16.7.18

Kasih dan Damai milik Lumoli

Ini dua tahun yang lalu, tapi aku masih ingat betul pertama kali melihat papan selamat datang itu. Bus 3/4 kami tidak bisa lewat. Selain barang yang terdapat pada mobil losbak yang mampu menyebrang sungai, kami harus melanjutkan perjalanan ke desa dengan berjalan kaki.


Selain wangi cengkeh setengah kering disebar di jalan utama tiap rumah, kami selalu kebanjiran sapa tiap melewati rumah-rumah di Desa Lumoli.


Butuh waktu sekitar 4 jam perjalanan dari Kota Ambon melalui jalur darat dan laut menggunakan kapal feri untuk ke Lumoli, terletak di kecamatan Seram Barat, Kabupaten Seram Bagian Barat. Desa ini tidak bisa dibilang sulit dijangkau, karena begini memang keadaan hampir semua desa di Seram, naik-turun bukit meski dekat dengan laut, lewati padang rumput, hutan yang homogen, juga sungai payau. Desa ini begitu ramah, kami disapa oleh sapi (banteng!) ternak yang dilepas di padang antar tegakan saat masuki desa.

Bapak Pejabat (sebutan Kades) membagi kami untuk masing dirumahkan dengan penduduk setempat. Takdir mempertemukanku (awyea~) dengan Mama Loupatty, janda pendeta di Lumoli, Bapa Loupatty, di rumahnya yang sederhana dan begitu bersih: Begitu bersihnya sampai tidak ada debu yang menempel di telapak kaki bahkan saat ke dapur mereka yang masih tanah debu beralas semen, atap seng dan tembok kayu. Mama Lou tinggal bersama anak-anaknya: Kaka Nyong yang seorang perawat, Kaka Nita calon suster yang sudah vikaris dan menunggu keputusan sinode untuk ditempatkan, dan Vito anak Bapak Pejabat yang diasuh Mama.

Tiap pagi dari Rumah Mama ke balai desa yang berjarak 700 meter, banyak yang berdagang roti untuk sarapan, salah satunya Kakak Nyong. Dia menjual roti buatan Mama yang ditempatkan pada toples kripik ukuran 10 liter. Roti Kakak Nyong memang tidak selalu habis, tapi di rumah tidak pernah terbuang. Kadang untuk di makan lagi sorenya untuk cemilan Vito atau esok pagi sambil minum teh kemanisan yang hangat.

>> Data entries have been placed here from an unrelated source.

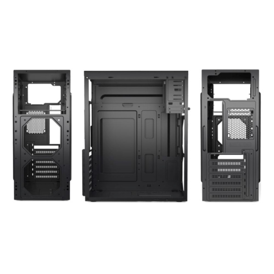 Provedení skříně:Mini Tower / micro ATX; Barva skříně:Černá; Počet pozic 3.5" (HDD):2; Počet pozic 2.5" (SSD):2; Bočnice:Plná; Podsvícení:bez podsvícení; Vybavení PC skříně:Přední Audio panel, Přední USB panel.... více
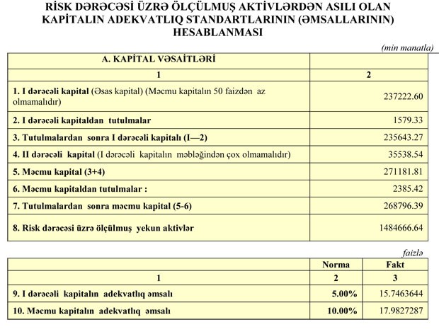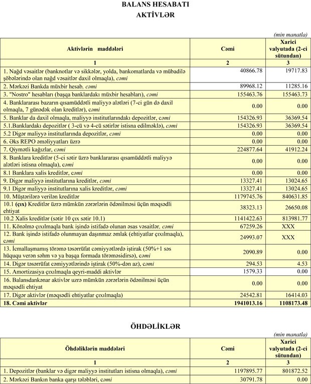Müqayisə üçün bildirək ki, 2017-ci ilin 9 ayında “Xalq Bank”ın cəmi gəlirləri 84 milyon 271 min manat (74 milyon 872 min manatı faiz, 9 milyon 399 min manatı qeyri-faiz gəlirləri), cəmi xərcləri isə 46 milyon 141 min manat (19 milyon 809 min manatı faiz, 26 milyon 332 min manatı qeyri-faiz xərcləri) təşkil etmişdi.
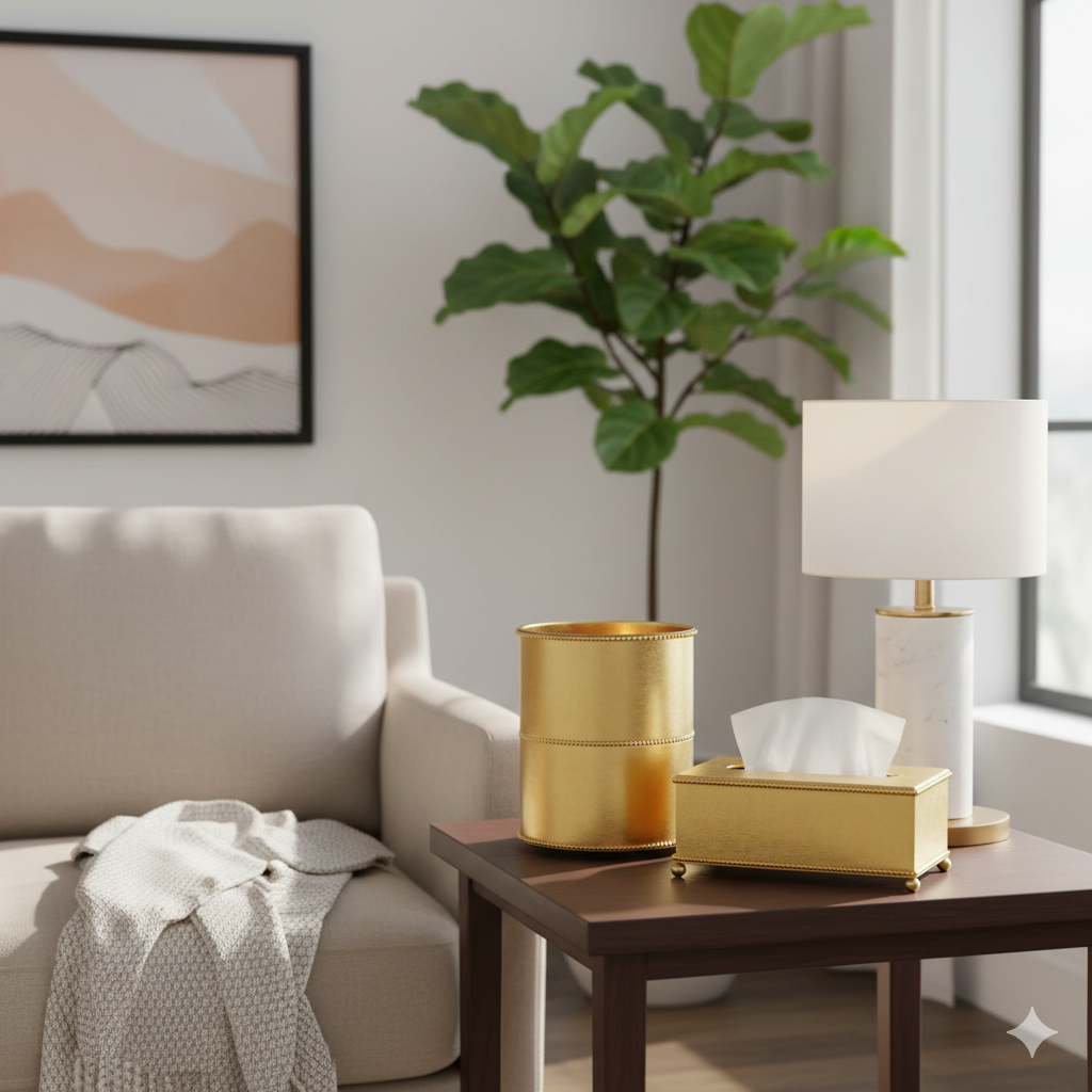 ست سطل و جا دستمالی طلایی یونیک کد 4244
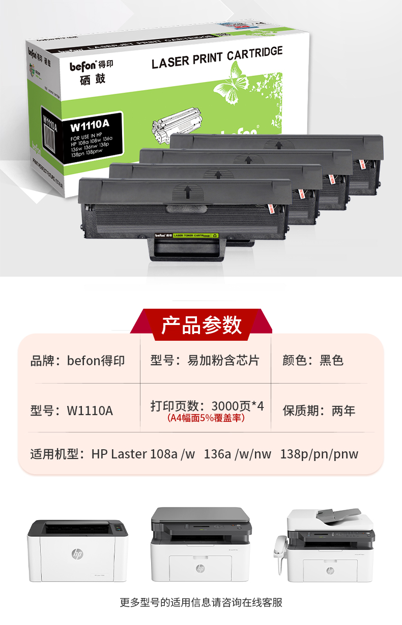 得印 W1110A硒鼓大容4支装 适用惠普HP 136w136a 136wm 136nw单位:套 黑色
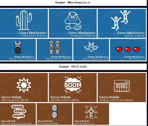 Making retro arcade games is a well explored way of learning how to code. It’s engaging, especially for people that like to play games, but just about everyone has some knowledge that will help you. This project allows you to choose your own game design features and apply them to your starting platform game to make it your own.
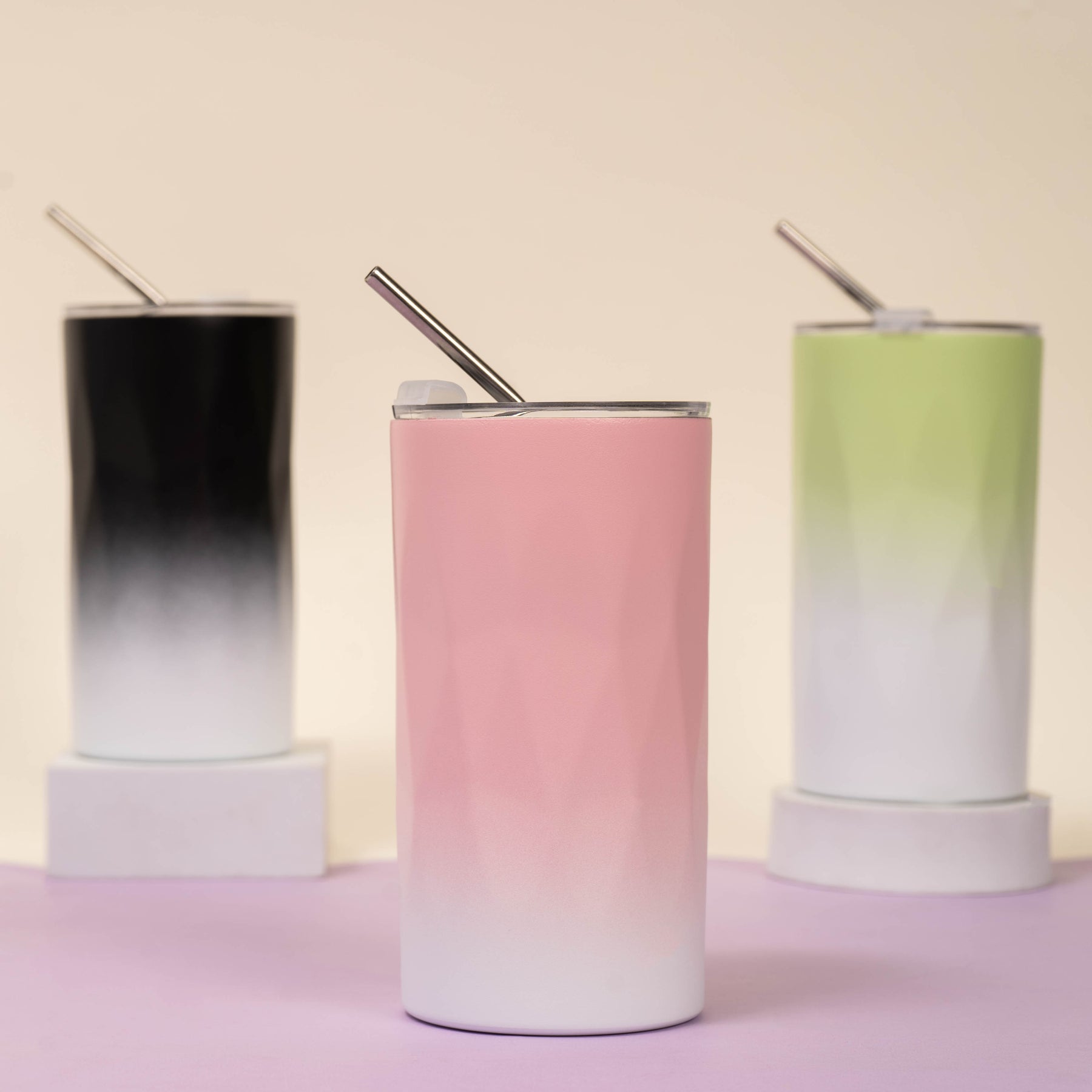 Staying hydrated is going to become super simple and stylish with our beautifully designed stainless steel glass with lid. This gradient tumbler isn’t just a practical accessory but a statement piece that can be flaunted while you are heading to the gym, running errands, or just going out and about with your day. The stainless steel glass with straw has a stunning gradient ombre finish that looks uber cool. No matter if you are someone who loves to have detox water or hot coffee, the insulated tumbler design helps keep your drinks the way you want so that every sip is as satisfying as the first.
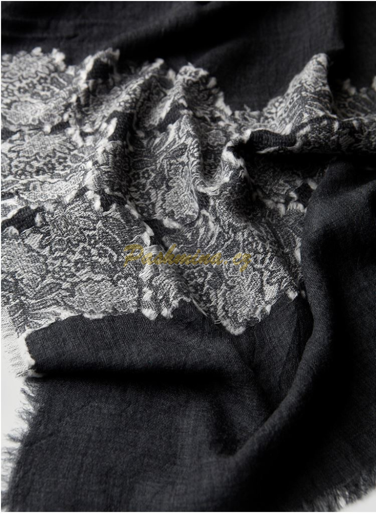 Šál z čisté vlny (lamb wool) s třásněmi ve stylu "oční řasy" po celém obvodu. Jemná, až transparentní, plasticky protkaná tkanina, váha úžasných 85 g! Příjemný, měkký.

Tidak pernah satu kalipun aku mendapat tatapan sinis selama 6 hari di sana. Kebiasaan menitipkan anak pada janda yang kesepian yang dilakukan Bapak Pejabat adalah salah satu bukti betapa mereka saling mengasihi satu sama lain: sebisa mungkin tidak ada orang yang merasa sedih atau kesepian di desa. Dampaknya tentu saja bukan hanya untuk saat si anak dititipkan, untuk kedepannya, dia diharapkan untuk bisa selalu mengunjungi mama asuhnya saat anak-anaknya yang lain sedang merantau.
Mama Lou mengantar Vitto ke sekolah

Selain perlakuan pada orang hidup, pada orang mati pun mereka punya cara tersendiri untuk mengasihi. Tidak seperti di jawa, komplek pekuburan di desa jauh dari kesan angker, beberapa bahkan mengubur kerabatnya di depan rumah. Hal ini bisa jadi karena faktor lahan yang masih luas. tapi toh, mereka seperti biasa saja jika ada anak-anak yang bermain di pekuburan, pun anak-anak seperti tidak merasa takut jika berada di dekat pemakaman. Kalau tidak dikubur di pekarangan rumah, komplek pekuburan terletak di gerbang masuk desa, bukan di sekitar gereja. Kata mereka, beginilah cara para leluhur yang terdahulu menjaga desa.

___

Salah satu yang memenuhi kepalaku saat itu adalah: bagaimana mungkin kekerasan lahir dari manusia yang damai begini? Sepuluh tahun silam Ambon sempat rusuh dan memanas karena, katanya masalah agama. Sampai akhirnya kemudian dibuatlah Gong Perdamaian yang terdapat di alun-alunnya sebagai monumen peringatan (hingga sekarang pun Kota Ambon terbagi dua zona: Muslim dan Nasrani). Aku sih, tidak habis pikir kenapa dan bagaimana provokator bisa-bisanya memancing kedua pihak untuk saling perang satu sama lain. Aku bilang provokator, karena hampir yakin kalau bibit kebencian itu memang disusupi dari Luar. Entah pihak mana yang mau mengambil keuntungan dari kerusuhan, tapi rasanya dia tidak lahir begitu saja. Dia didatangkan dan diamini.
 __

Lumoli adalah tempat aku terpancing untuk memahami manusia lagi. Tempat yang membuat aku merenung banyak tentang manusia dan hasratnya dalam berkuasa, tentang Negara yang katanya harga mati (dari Lumoli, aku kemudian dekat dengan salah seorang teman yang berasal dari Manokwari. Darinya, aku mendapatkan kisah dari sisi lain tentang Papua-nya.). Aku seperti diperlihatkan, bukan Negara lah yang harga mati melainkan kemanusiaan*)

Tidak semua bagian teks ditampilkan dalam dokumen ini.